Overall, this invention has the following advantages:

1. The chronic treatment with “celecoxib” generated better antinociceptive effects than those generated by celecoxib when it is administered in acute form.
2. The chronic treatment with the “celecoxib with diacerein” combination generated more antinociceptive effects than the combination of celecoxib with diacerein when it is administered in acute form.
3. The DRC for the effects of lethality of diacerein is more to the left of that of celecoxib, showing that diacerein requires smaller ranges of doses to produce the lethality effect.
4. The DRC for the lethal effects of the combination of celecoxib with diacerein shifts slightly to the left in relation to the DRC for the lethal effects shown by celecoxib by itself. This translates into the fact that the combination could generate effects of lethality with smaller doses than when celecoxib is used by itself.
5. To generate effects of lethality with diacerein by itself, celecoxib by itself or the combination of celecoxib with diacerein, it is necessary to administer extremely high doses, far removed from the therapeutic doses.

Claims

1. A synergic pharmaceutical combination characterized by consisting of:

i. a selective COX-2 inhibitor agent and/or its pharmaceutically acceptable salts,

ii. an anthraquinone derivative agent and/or its pharmaceutically acceptable salts,

iii. a pharmaceutically acceptable vehicle and/or excipient,

which are formulated in a single dosing unit for oral, parenteral, transdermal and topical administration, which is indicated for the long-term control and treatment of pain and inflammation in osteoarthritis, rheumatoid arthritis and/or degenerative joint disease and an additional anti-arthrosic effect in mammals; where the selective COX-2 inhibitor is preferably celecoxib or its pharmaceutically acceptable salts and the anthraquinone derivative agent is preferably diacerein or its pharmaceutically acceptable salts.
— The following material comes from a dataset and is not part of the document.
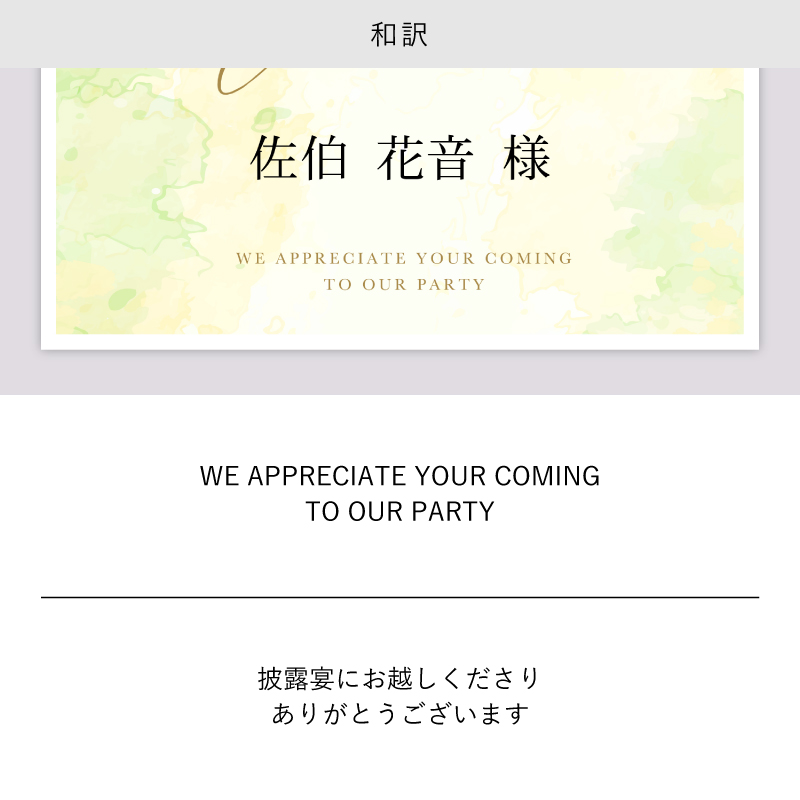席次表にメニュー等も入りますが、受付で渡す席次表とは別に作成すると、ゲストのテーブル演出をランクアップできます。

2. The combination of claim 1, characterized by the active agent celecoxib is in a concentration of from approximately 0.01 to approximately 1000 mg.

3. The combination of claim 1, characterized by the active agent diacerein, is in a concentration of from approximately 0.01 to approximately 500 mg.

4. The combination of claim 1, useful for the preparation of a drug product for pain and inflammation therapy in osteoarthritis, rheumatoid arthritis and/or degenerative joint disease with an additional anti-arthrosic effect in mammals.

5. The combination of claim 1, useful for the preparation of a drug product that is formulated in a single dosing unit to be administered orally in the form of capsules, tablets, sublingual tablets, granules, caplets, suspensions or solutions. In both intramuscular and intravenous injectable form and in the form of topical patches, ointments, gels and creams. As well as in suppositories or transdermal, oral or nasal inhalation devices.

6. The combination of claim 1, where mammal refers to a human being or an animal.

7. A treatment method for the pain and inflammation of osteoarthritis, rheumatoid arthritis and/or degenerative joint disease that comprises administering to mammals that suffer from said disease an effective amount of the combination of at least one compound selected from the group of selective COX-2 inhibitors, preferably celecoxib or its pharmaceutically acceptable salts and at least one compound selected from the group of anthraquinone derivatives, preferably diacerein or its pharmaceutically acceptable salts.

8. A treatment method for neuropathic and/or nociceptive pain pursuant to claim 7, where the compounds are administered by oral, nasal, topical, intramuscular and/or intravenous means.

9. A method for the treatment of pain and inflammation in osteoarthritis, rheumatoid arthritis and/or degenerative joint disease under claim 8, where the compounds are administered in amounts of from approximately 0.01 mg to approximately 1000 mg a day of celecoxib or its pharmaceutically acceptable salts and from approximately 0.01 mg to approximately 500 mg a day of diacerein or its pharmaceutically acceptable salts.